At the moment of the Wordpress the_content filter, it receives an HTML snippet corresponding to the content area. Hence it is not a full HTML document. There are lots and lots of cases where we want to use DOMDocument to process an HTML snippet. But, DOMDocument adds these extra tags that then make a problem.

What problem? The resulting page on your Wordpress site has HTML/HEAD/BODY tags wrapping the content area, and then another set of HTML/HEAD/BODY tags wrapping the whole page. If you validate the result e.g. with the W3C Validator, it throws lots of errors at you.

To demonstrate the problem let's consider this bit of PHP code:

<?php

$html = new DOMDocument(null, 'UTF-8');

$content = '<meta http-equiv="content-type" content="text/html; charset=utf-8"><p>Lorem ipsum dolor sit amet, consectetur adipiscing elit. Etiam ullamcorper congue risus congue viverra. Integer ex ipsum, cursus vel lectus sit amet, sollicitudin eleifend ante. Fusce eget nulla dictum, varius libero vel, sagittis tortor. Donec neque felis, faucibus eget diam vitae, hendrerit fermentum lacus. Nunc in rhoncus metus. Pellentesque habitant morbi tristique senectus et netus et malesuada fames ac turpis egestas. Duis molestie lorem efficitur placerat convallis.</p><p>Paragraph 2</p>';

@$html->loadHTML($content);

print $html->saveHTML();

It's the same outline but in a short simple PHP script we can run at the command line.

$ php test.php
<!DOCTYPE html PUBLIC "-//W3C//DTD HTML 4.0 Transitional//EN" "http://www.w3.org/TR/REC-html40/loose.dtd">
<html><head><meta http-equiv="content-type" content="text/html; charset=utf-8"></head><body><p>Lorem ipsum dolor sit amet, consectetur adipiscing elit. Etiam ullamcorper congue risus congue viverra. Integer ex ipsum, cursus vel lectus sit amet, sollicitudin eleifend ante. Fusce eget nulla dictum, varius libero vel, sagittis tortor. Donec neque felis, faucibus eget diam vitae, hendrerit fermentum lacus. Nunc in rhoncus metus. Pellentesque habitant morbi tristique senectus et netus et malesuada fames ac turpis egestas. Duis molestie lorem efficitur placerat convallis.</p><p>Paragraph 2</p></body></html>

This took the HTML we provided, wrapping the whole thing with DOCTYPE, <html>, <head>, and <body> tags. Imagine if you will this being put in the center portion of a Wordpress page, encased within the wrappings of header area, sidebars, and so forth.

The issue is discussed in the saveHTML documentation: (php.net) php.net manual domdocument.savehtml.php

What we want is to still use DOMDocument to manipulate the HTML as a DOM, but somehow extract what's inside the <body> tag.

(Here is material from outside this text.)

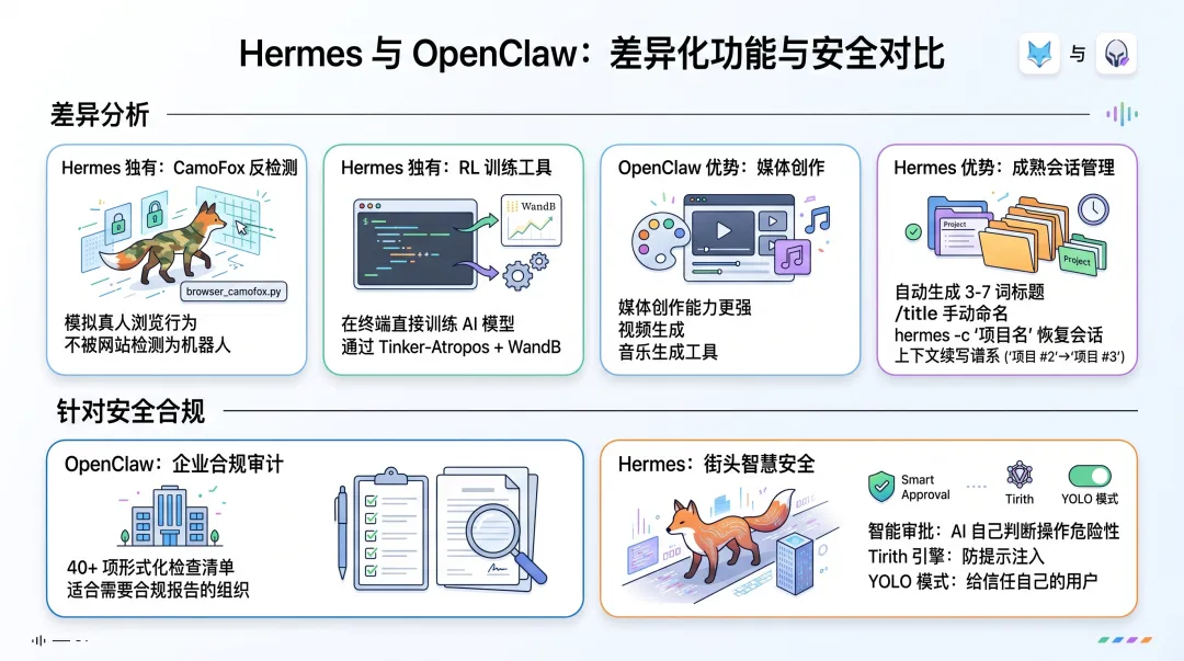 的安全体系更像企业工程,强调审计、隔离、规范、合规感 - Hermes

The saveHTML function takes an optional argument to select a subsection of the DOM to serialize. That means the last line of the script can be replaced with this:

print $html->saveHTML($html->getElementsByTagName('body')->item(0));

That's better:

$ php test.php
<body>
<p>Lorem ipsum dolor sit amet, consectetur adipiscing elit. Etiam ullamcorper congue risus congue viverra. Integer ex ipsum, cursus vel lectus sit amet, sollicitudin eleifend ante. Fusce eget nulla dictum, varius libero vel, sagittis tortor. Donec neque felis, faucibus eget diam vitae, hendrerit fermentum lacus. Nunc in rhoncus metus. Pellentesque habitant morbi tristique senectus et netus et malesuada fames ac turpis egestas. Duis molestie lorem efficitur placerat convallis.</p>
<p>Paragraph 2</p>
</body>

We got rid of some of the tags, but the <body> tag is still there.

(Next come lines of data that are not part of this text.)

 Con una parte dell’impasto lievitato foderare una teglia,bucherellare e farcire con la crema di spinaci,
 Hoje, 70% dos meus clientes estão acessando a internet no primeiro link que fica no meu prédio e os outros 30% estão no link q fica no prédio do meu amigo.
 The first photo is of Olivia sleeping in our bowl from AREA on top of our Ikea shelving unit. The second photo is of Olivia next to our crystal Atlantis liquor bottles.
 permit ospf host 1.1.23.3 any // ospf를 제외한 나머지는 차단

print str_replace(array('<body>', '</body>'), '', $html->saveHTML($html->getElementsByTagName('body')->item(0)));

This removes the <body> tag

$ php test.php

<p>Lorem ipsum dolor sit amet, consectetur adipiscing elit. Etiam ullamcorper congue risus congue viverra. Integer ex ipsum, cursus vel lectus sit amet, sollicitudin eleifend ante. Fusce eget nulla dictum, varius libero vel, sagittis tortor. Donec neque felis, faucibus eget diam vitae, hendrerit fermentum lacus. Nunc in rhoncus metus. Pellentesque habitant morbi tristique senectus et netus et malesuada fames ac turpis egestas. Duis molestie lorem efficitur placerat convallis.</p>
<p>Paragraph 2</p>

In a Wordpress filter like the snippet I showed earlier, simply use that line substituting return for print.

Still can't quite say QED but this is finished and is straightforward.